Kopi Luwak: the most expensive coffee in the world
Interestingly, the coffee that seems to have conquered the world in recent years actually comes from Indonesia. So let's talk about a rather unusual coffee and production method also made infamous on social media: the Kopi Luwak (Kopi stands for "coffee" in the local language). It is a coffee digested by an animal, the palm civet (locally known as the Luwak) which is a curious tree climbing animal that looks much like a weasel. These little creatures and the resulting coffee have achieved global popularity (especially after the 2017 film "It's never too late" with Jack Nicholson and Morgan Freeman where it is mentioned in context to ethical quality of life).

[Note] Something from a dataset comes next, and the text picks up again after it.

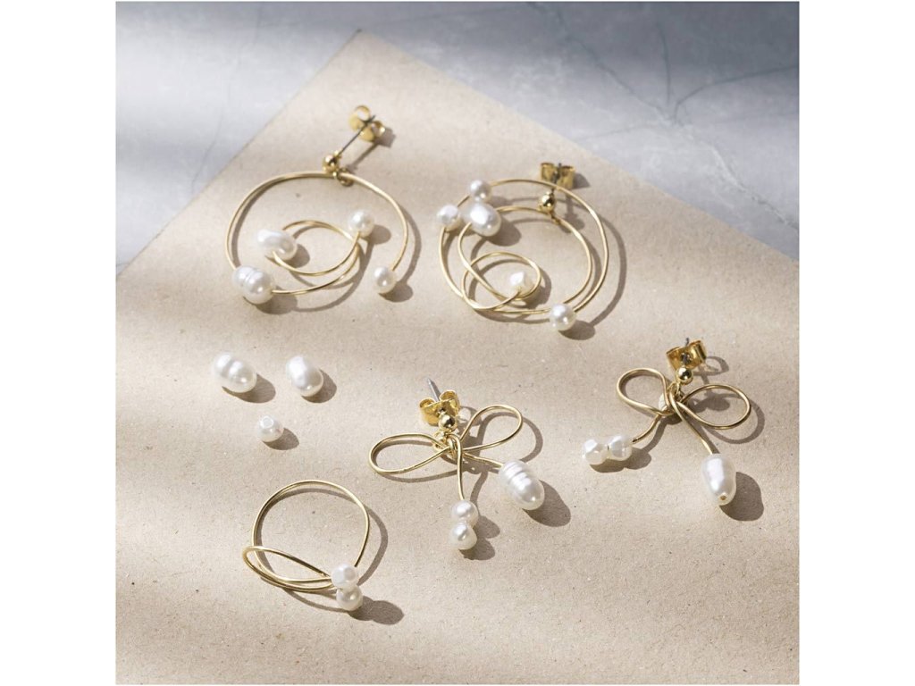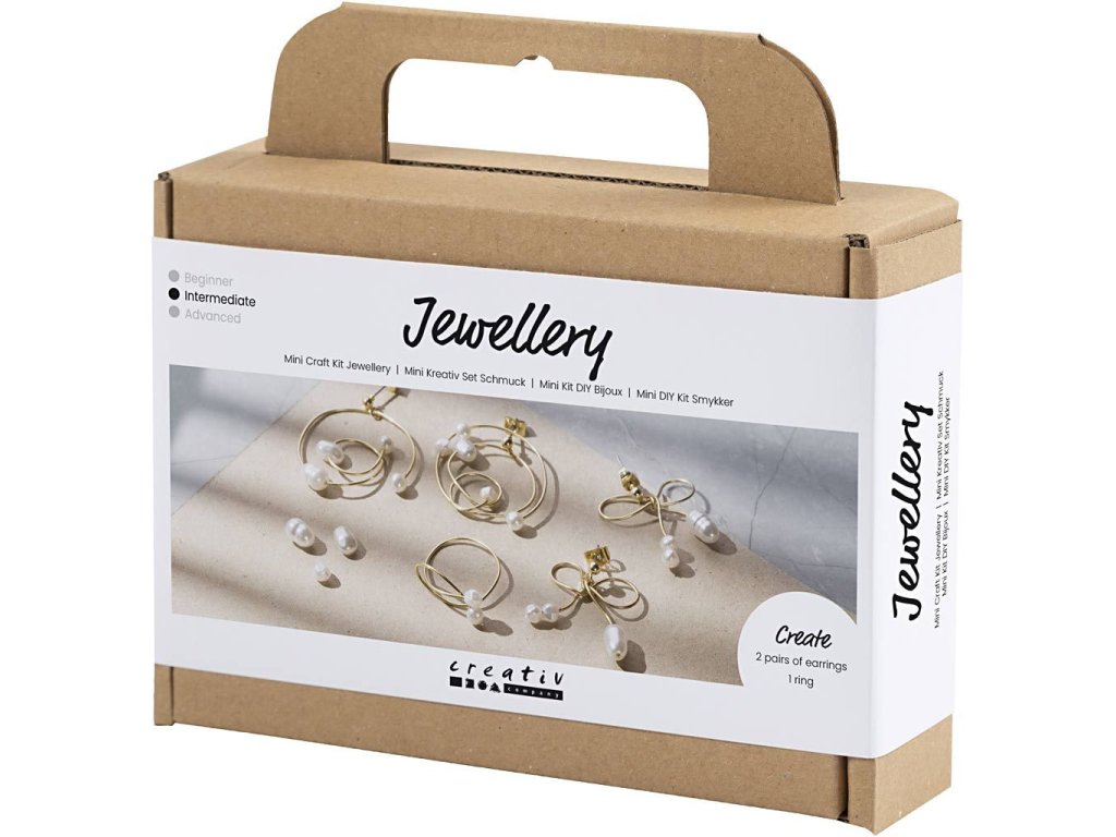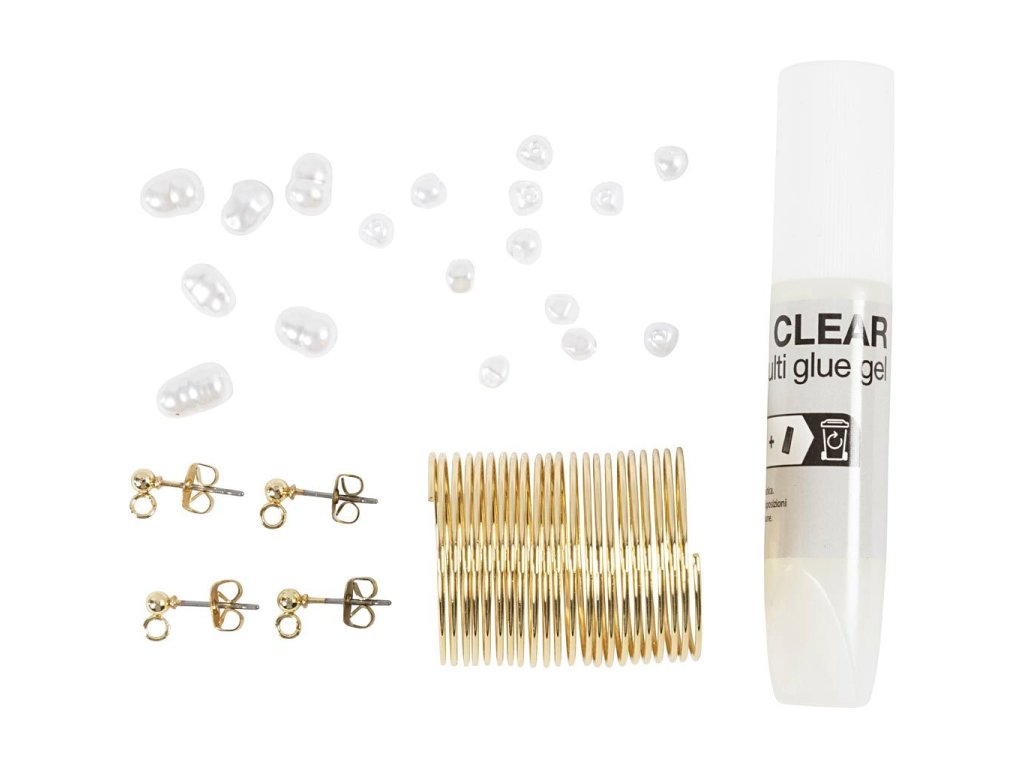 • V sadě najdete šperkařský drátek zlaté barvy, jemné voskové perličky a komponenty k výrobě náušnic a prstenu

Production originally followed a very simple natural process. it is a coffee whose cherries are in fact first eaten, then partially digested, and finally excreted by these palm civets. The civet is fond of the soft, external part of the fruit, but does not digest the grain inside, which is basically woody, and therefore expels it. It is precisely this partial digestion and a processing that we could define as "intestinal fermentation" that makes this product unique and certainly special. Drinking this coffee means, for many, totally embracing Indonesian traditions and experiencing something truly unique.
Paradoxically, these animals have become more famous for contrasting reasons, since in order to produce this coffee in commercial quantities, they are locked up in cages and artificially fed with coffee berries. For this reason, many environmental and wild animal protection associations are boycotting its use and diffusion. Interesting nonetheless.
The Ketiara Cooperative
It is an Indonesian cooperative with an entirely female management, with the aim of producing coffee in a fair and sustainable way.
The main objective is the preservation of the local ecosystem, for this reason the coffee is grown in the wooded mountains surrounding the Leuser national park, taking care of the natural habitat and the faunal species that inhabit it, without the use of chemical pesticides .
The complexity of this coffee and the commitment of those who produce it are proof of care and dedication in cultivation and post-harvest processing. The entire cooperative is committed to fair commercial practices, from cultivation to marketing of the product; their operating modus creates shared value between producers, traders, roasters and consumers.
Ketiara green coffee is certified organic and free from substances harmful to the environment often used in intensive production.
It is a small but important cooperative, where every person and every mechanism is functional to the correct performance of the activities. Ketiara not only offers on-site cafes but also equips itself with several groceries and an online store to support local communities.
The resulting product is a fresh, clean and very fruity coffee. The activity is also oriented towards the active involvement of the younger generation of farmers, to contribute to the continuity of production while at the same time supporting the thousands of families at the local level.